• What to produce:
Using the listing below, please print exactly the lines from the one with "The back on" through the one with "Vonná svíčka Frosty". Leave out every picture.

─── Material provided

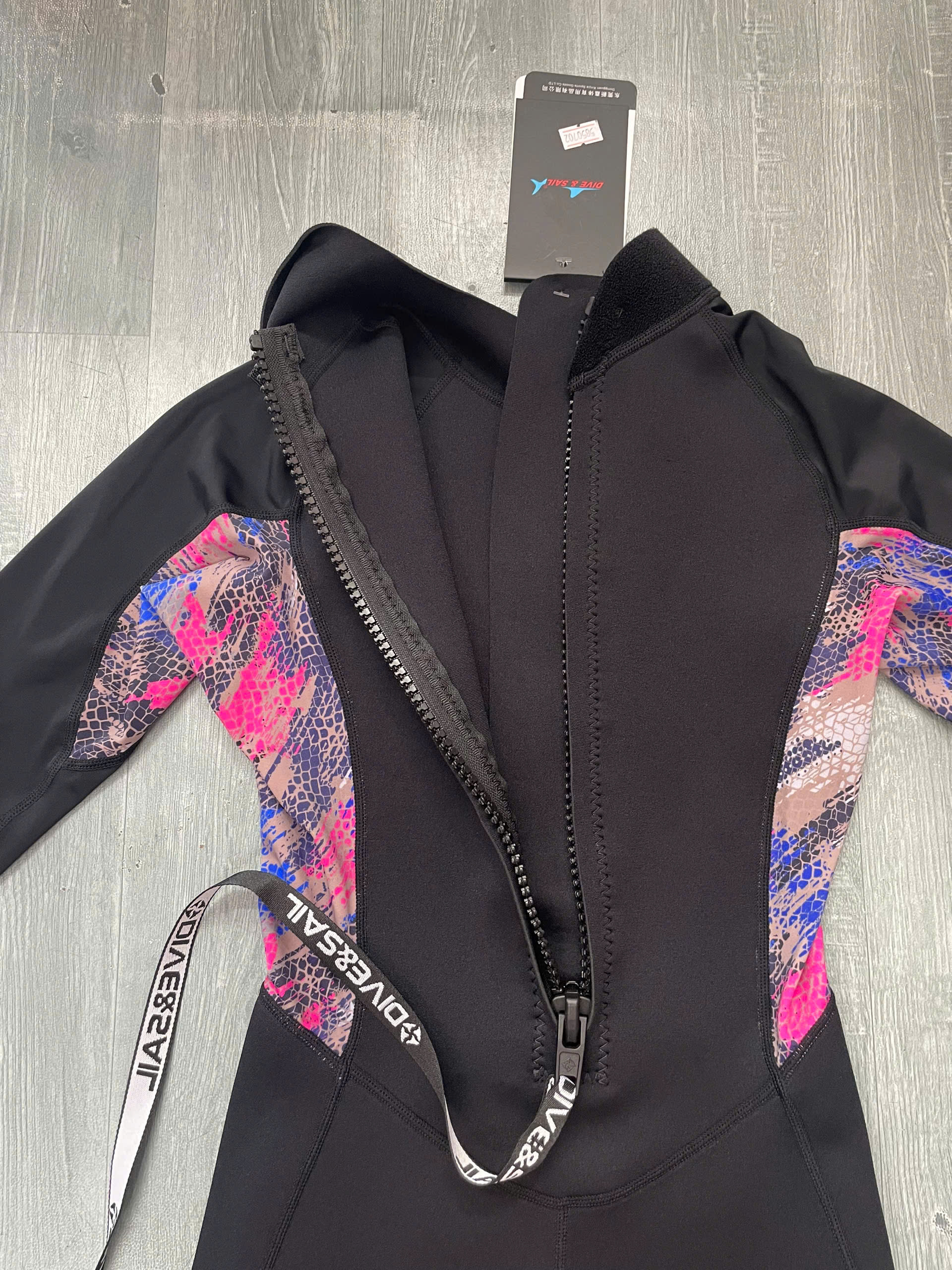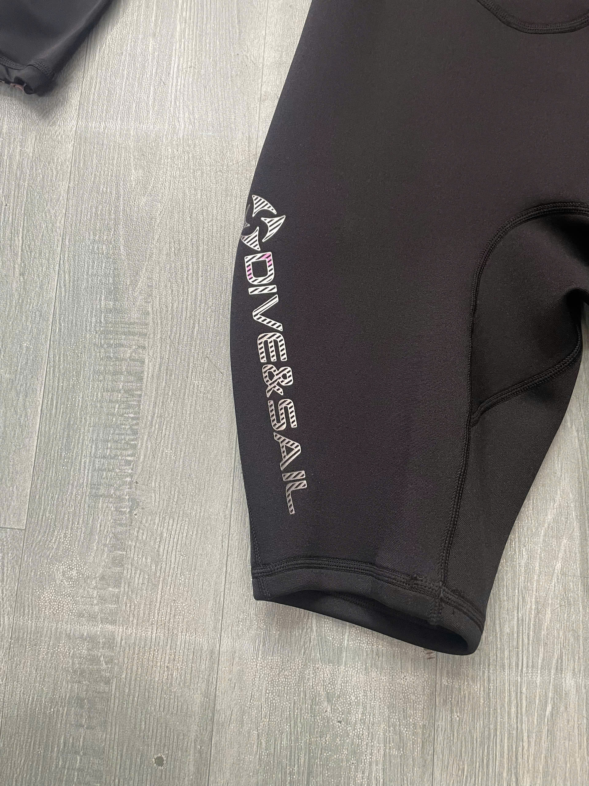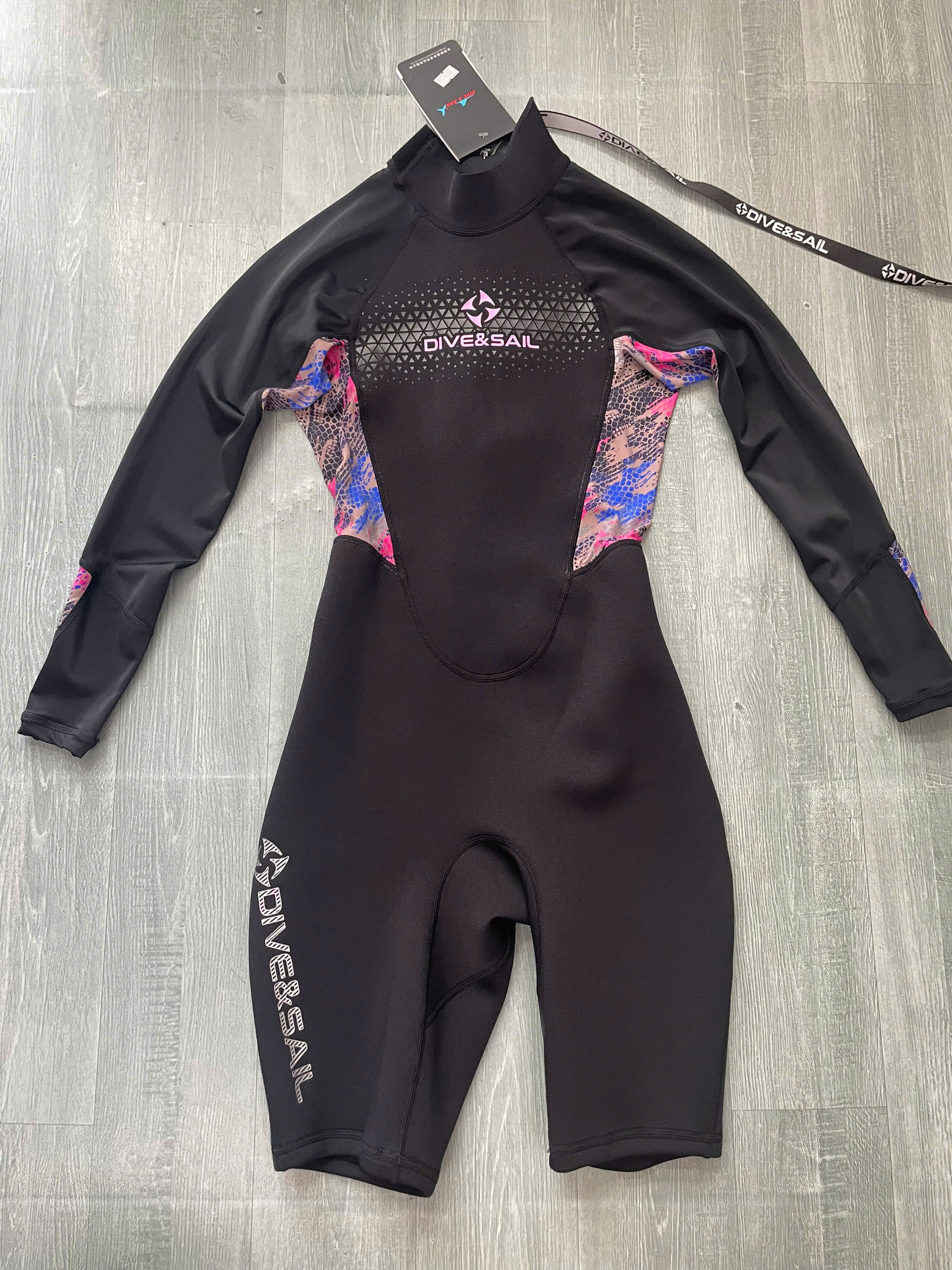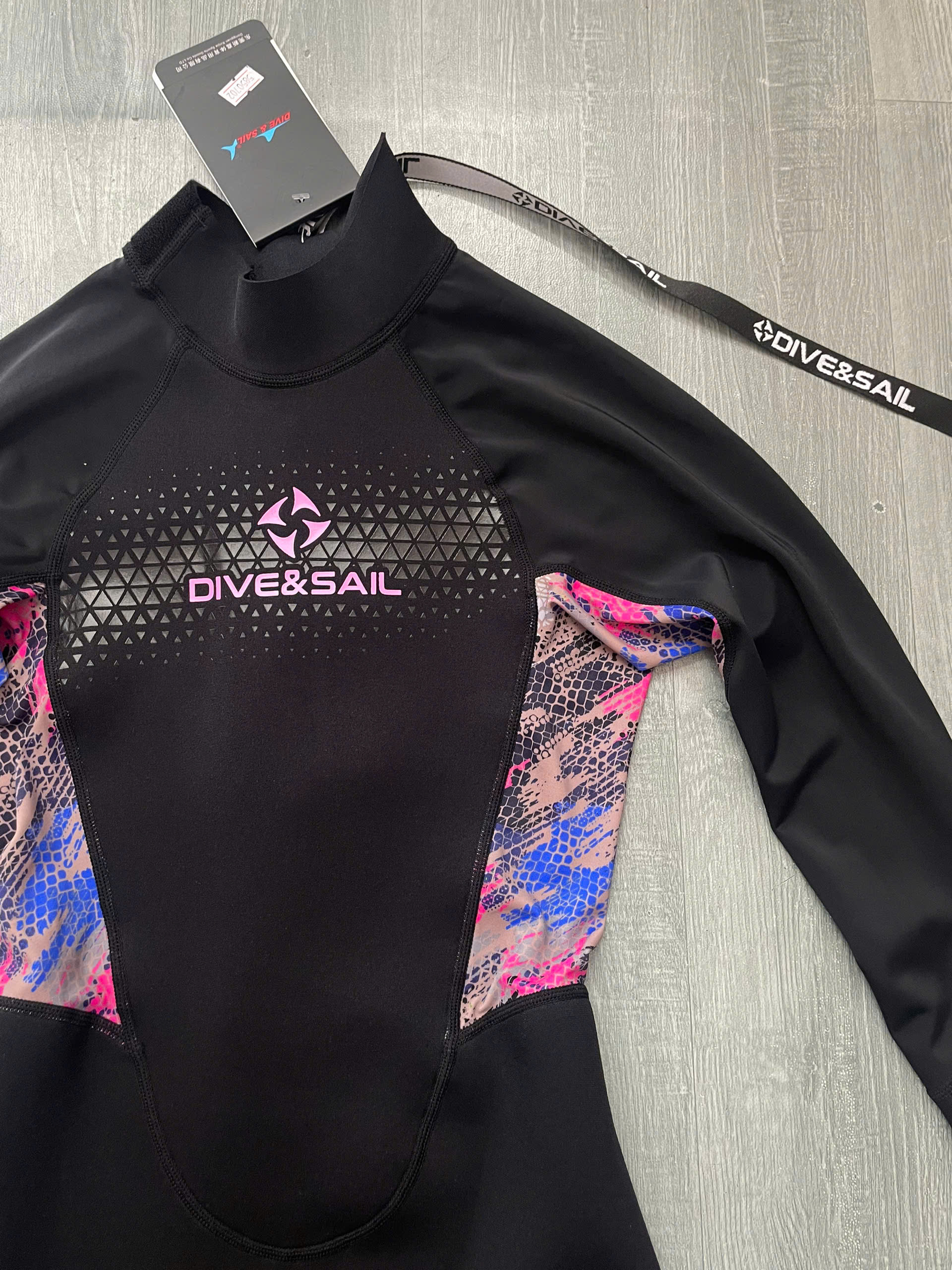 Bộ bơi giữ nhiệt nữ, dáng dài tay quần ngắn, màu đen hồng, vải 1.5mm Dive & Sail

──────
─── Material provided

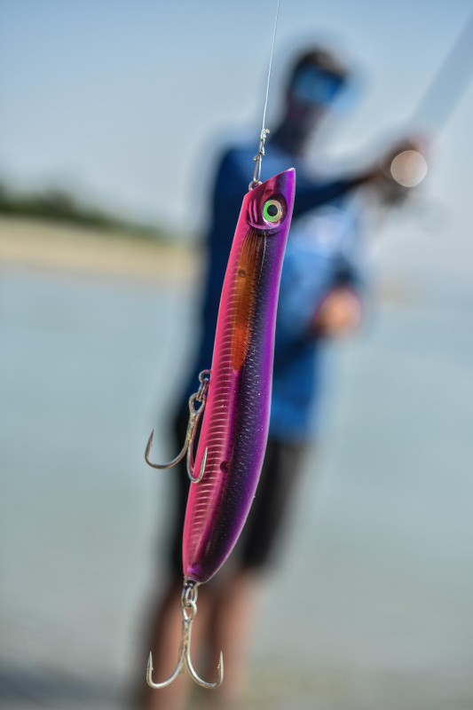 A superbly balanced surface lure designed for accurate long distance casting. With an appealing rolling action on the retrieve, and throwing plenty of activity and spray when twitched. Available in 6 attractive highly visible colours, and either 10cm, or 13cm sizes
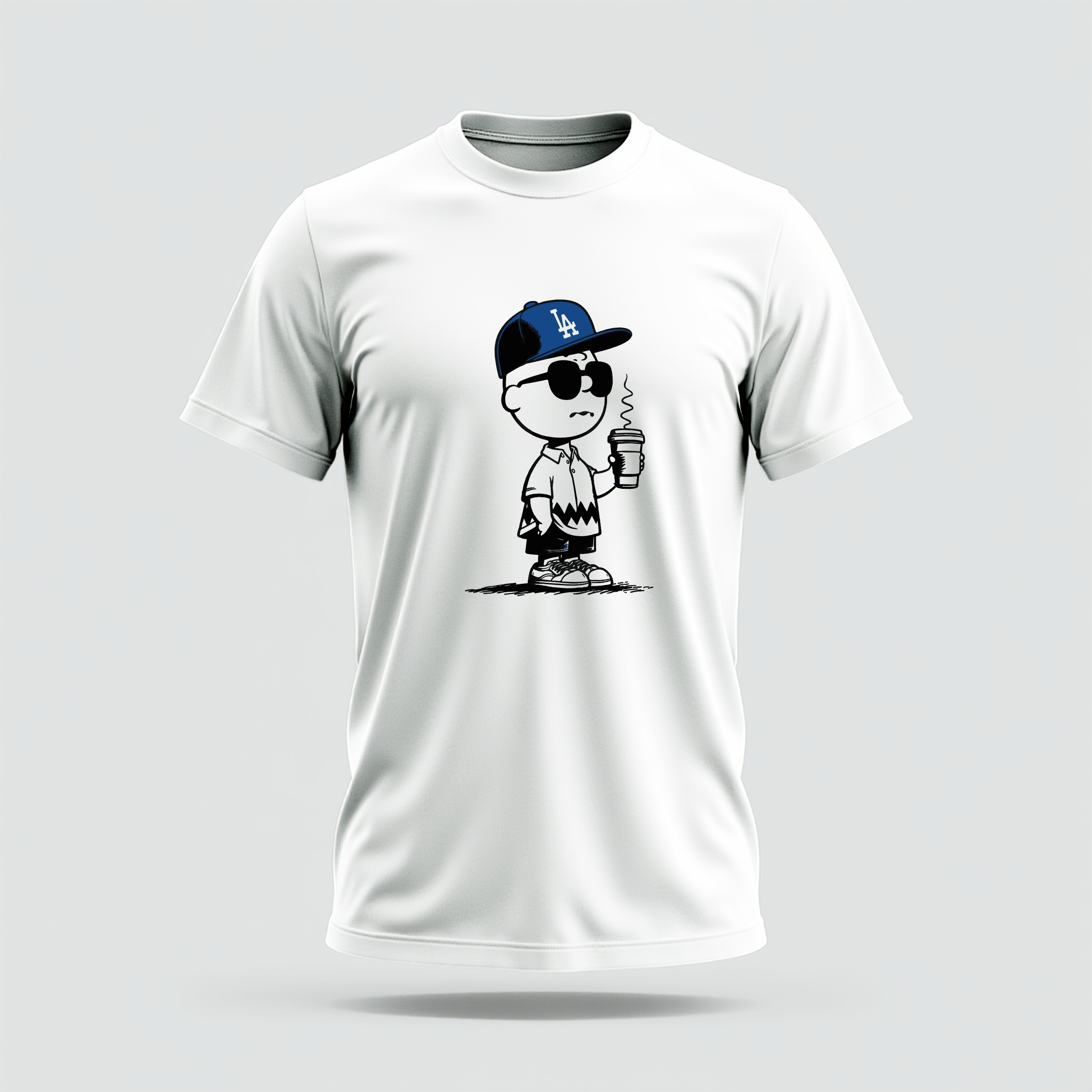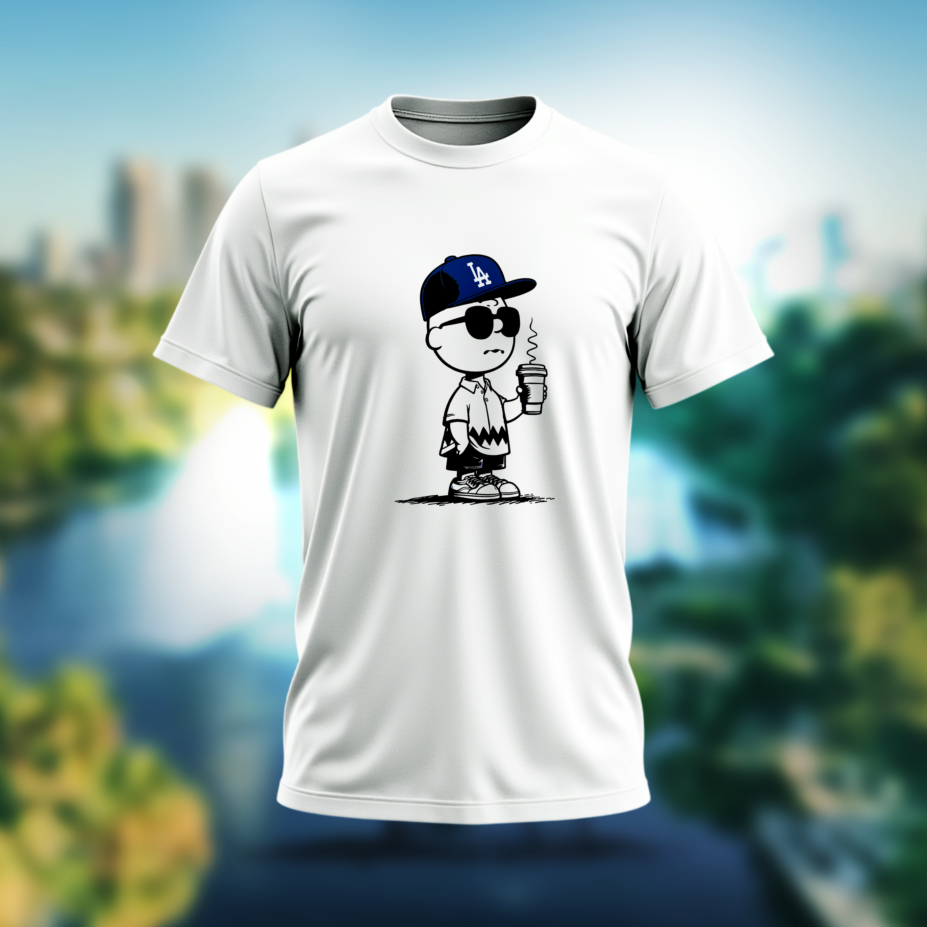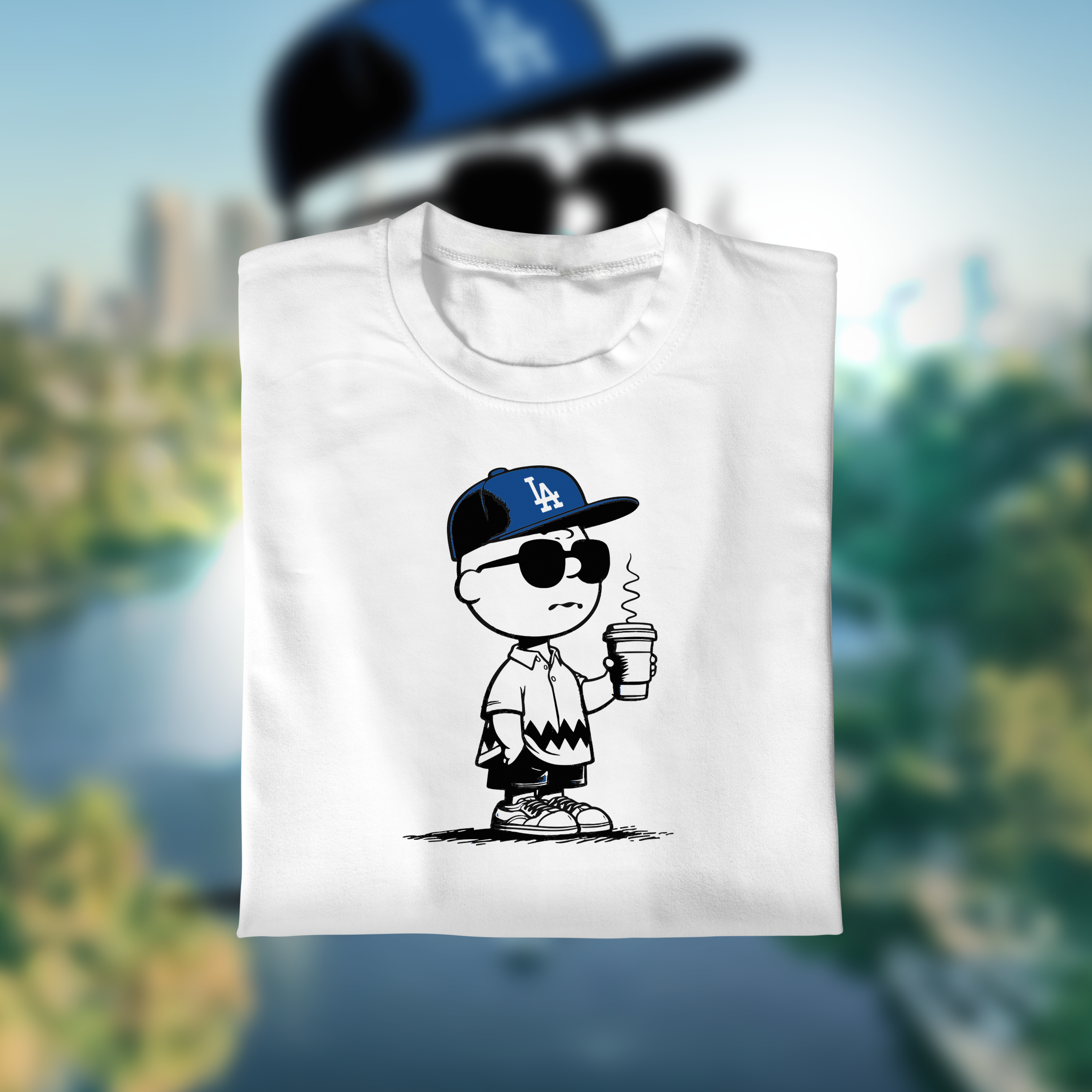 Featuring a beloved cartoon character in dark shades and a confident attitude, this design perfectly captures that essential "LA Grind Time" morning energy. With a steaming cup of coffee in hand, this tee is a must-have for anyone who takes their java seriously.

──────
─── Material provided

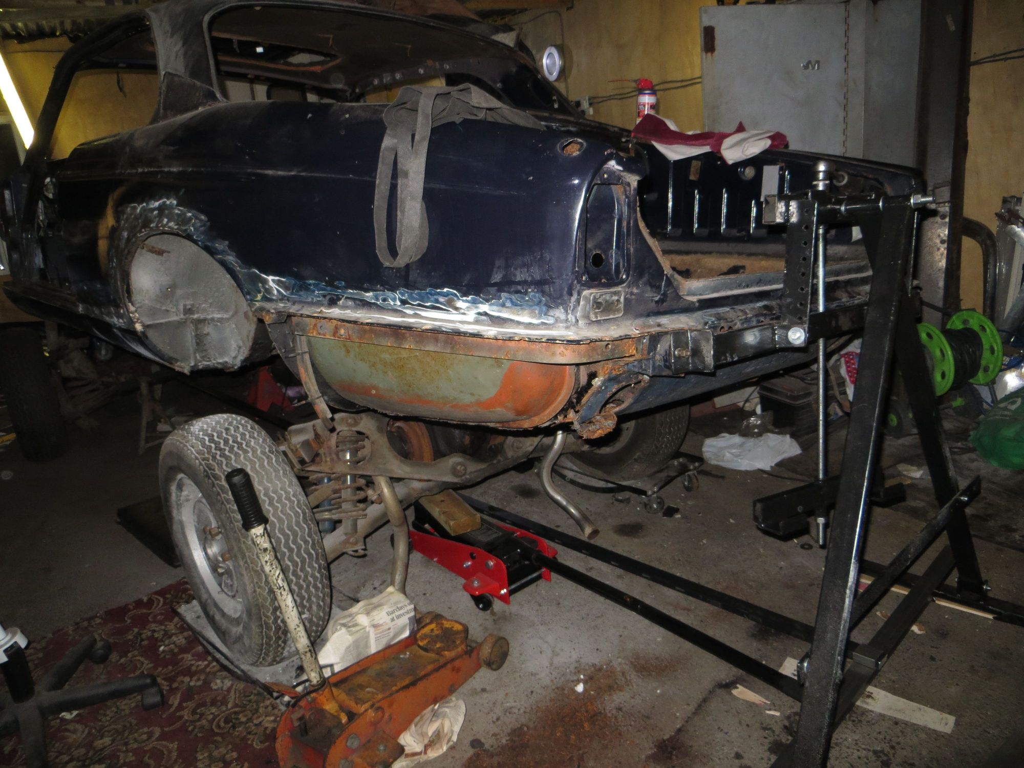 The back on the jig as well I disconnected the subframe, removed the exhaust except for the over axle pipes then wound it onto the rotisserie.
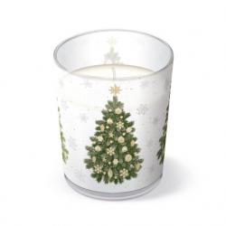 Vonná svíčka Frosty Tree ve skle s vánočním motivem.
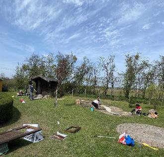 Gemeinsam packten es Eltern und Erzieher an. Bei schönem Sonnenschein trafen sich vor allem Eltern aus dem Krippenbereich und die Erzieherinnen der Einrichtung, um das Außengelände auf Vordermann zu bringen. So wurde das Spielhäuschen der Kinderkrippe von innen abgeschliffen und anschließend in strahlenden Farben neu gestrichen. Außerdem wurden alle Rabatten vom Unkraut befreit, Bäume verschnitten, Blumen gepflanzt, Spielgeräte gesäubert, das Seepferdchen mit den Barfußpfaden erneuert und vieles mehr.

──────

• Exercise answer:
 The back on the jig as well I disconnected the subframe, removed the exhaust except for the over axle pipes then wound it onto the rotisserie.
 Vonná svíčka Frosty Tree ve skle s vánočním motivem.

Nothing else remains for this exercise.